◆ Your goal: Output the records exactly, and drop each picture.

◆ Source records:
=== Section Start ===

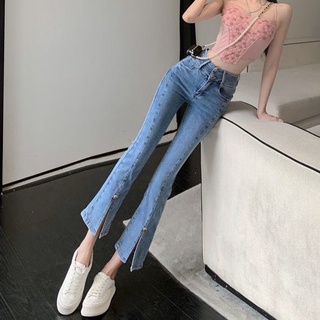 Jiashucheng Quần Jean Ống Loe Dài Tới Mắt Cá Chân Eo Cao Ôm Dáng Thiết Kế Xẻ Tà Phong Cách Mùa Hè Mới Cho Nữ
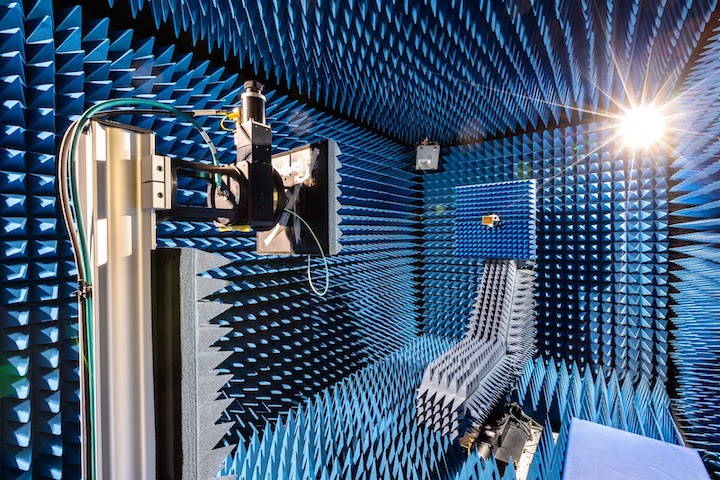 - Intentional Radiator: The device emits a wireless signal like Bluetooth, cellular, or Wi-Fi. Intentional radiators most often fall under the certification authorization requirement (with some exceptions being carrier current systems and AM transmission systems used in educational systems). Testing is performed in an anechoic chamber, (see figure below), which is designed specifically for isolating the EM radiation emissions from your product. These rooms are very expensive to rent – up to $1,000 per hour.
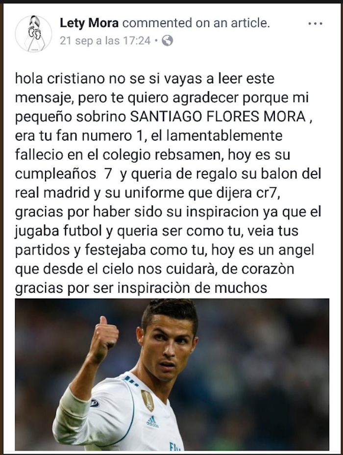 Una de ellas es la de Santiago Flores, pequeñín de seis años quien lamentablemente no logró ser de los 11 niños que lograron rescatar con vida de su escuela. A los seis años de edad, los sueños van más allá de las aulas, libros y números, y por lo regular se refugian en una figura inspiracional. En alguien a quien creemos superlativo, inigualable y tal vez un tanto inalcanzable. En el caso de Santiago, su ídolo era el mejor futbolista del planeta, Cristiano Ronaldo.
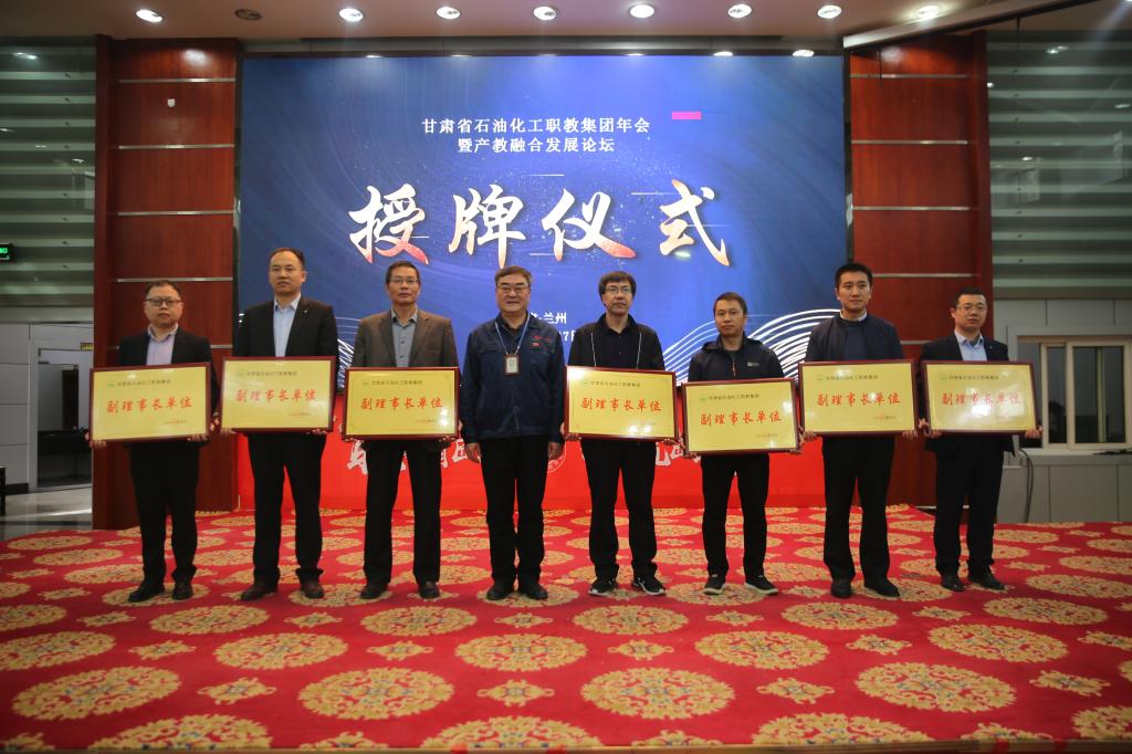 会上,为新加入的理事成员单位颁发了甘肃省石油化工职教集团副理事长单位和理事单位牌匾。
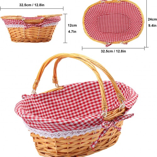 2 Pack 12.6 Inch Natural Wicker Basket with Checkered Lining, Oval Wicker Woven Basket with Handle, Willow Woven Picnic Baskets for Picnic, Camping, Party(Small)
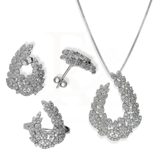 Sterling Silver 925 Pendant Set (Necklace, Earrings and Ring) - FKJNKLSTSL2179

=== Section End ===

◆ Task answer:
 Jiashucheng Quần Jean Ống Loe Dài Tới Mắt Cá Chân Eo Cao Ôm Dáng Thiết Kế Xẻ Tà Phong Cách Mùa Hè Mới Cho Nữ
 - Intentional Radiator: The device emits a wireless signal like Bluetooth, cellular, or Wi-Fi. Intentional radiators most often fall under the certification authorization requirement (with some exceptions being carrier current systems and AM transmission systems used in educational systems). Testing is performed in an anechoic chamber, (see figure below), which is designed specifically for isolating the EM radiation emissions from your product. These rooms are very expensive to rent – up to $1,000 per hour.
 Una de ellas es la de Santiago Flores, pequeñín de seis años quien lamentablemente no logró ser de los 11 niños que lograron rescatar con vida de su escuela. A los seis años de edad, los sueños van más allá de las aulas, libros y números, y por lo regular se refugian en una figura inspiracional. En alguien a quien creemos superlativo, inigualable y tal vez un tanto inalcanzable. En el caso de Santiago, su ídolo era el mejor futbolista del planeta, Cristiano Ronaldo.
 会上,为新加入的理事成员单位颁发了甘肃省石油化工职教集团副理事长单位和理事单位牌匾。
 2 Pack 12.6 Inch Natural Wicker Basket with Checkered Lining, Oval Wicker Woven Basket with Handle, Willow Woven Picnic Baskets for Picnic, Camping, Party(Small)
 Sterling Silver 925 Pendant Set (Necklace, Earrings and Ring) - FKJNKLSTSL2179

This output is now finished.